# Hello, I am Laszlo

## Vectorized Longest Increasing Subsequence

In the problem of Longest Increasing Subsequence, the aim is to find an increasing sequence of elements in a given input. This new subsequence does not need to be continuous. The longest such sequence is the solution to the Longest Increasing Subsequence (LIS) problem.

For example, for input sequence of 0,8,4,5,2, the LIS will return 3 as the longest subsequence is 0,4,5.

In this post I will not focus on the most efficient implementation of LIS. Instead, I will present the most common approach to solve the problem using Dynamic Programming and then present a vectorized version of the algorithm.

## The Base Solution

The idea behind the Dynamic Programming approach is to reduce the problem to a sub-problem. Solve the sub-problem recursively and store the intermediate results for the future calculations.

In case of the LIS problem, lets denote xi as the ith element of a sequence. For all z ∈ Z sequences of length 0..j where j < i we already know the longest subsequence.

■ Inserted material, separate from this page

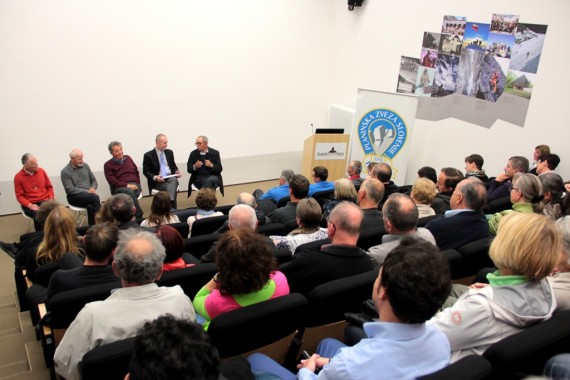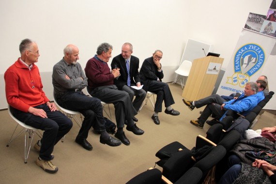 France Malešič, Danilo Cedilnik - Den, Tomaž Banovec, Marjan Bradeško in Stanko Klinar so ob 120. obletnici osvetlili vlogo in pomen Planinskega vestnika, najstarejše še izhajajoče slovenske revije. (foto Manca Čujež)

So, in this sub-problem xi needs to be compared with the last element of each z sequence. When xi's value is larger than the last element, a longer subsequence is found. The longest subsequence for xi will be the subsequence with the maximum length.

In practice, a typical implementation may look like the one below. Note, that it is not the most efficient algorithm O(n^2) nor implementation. Please note, this implementation also omits handling edge-cases (e.g., `null` inputs or inputs with length 0).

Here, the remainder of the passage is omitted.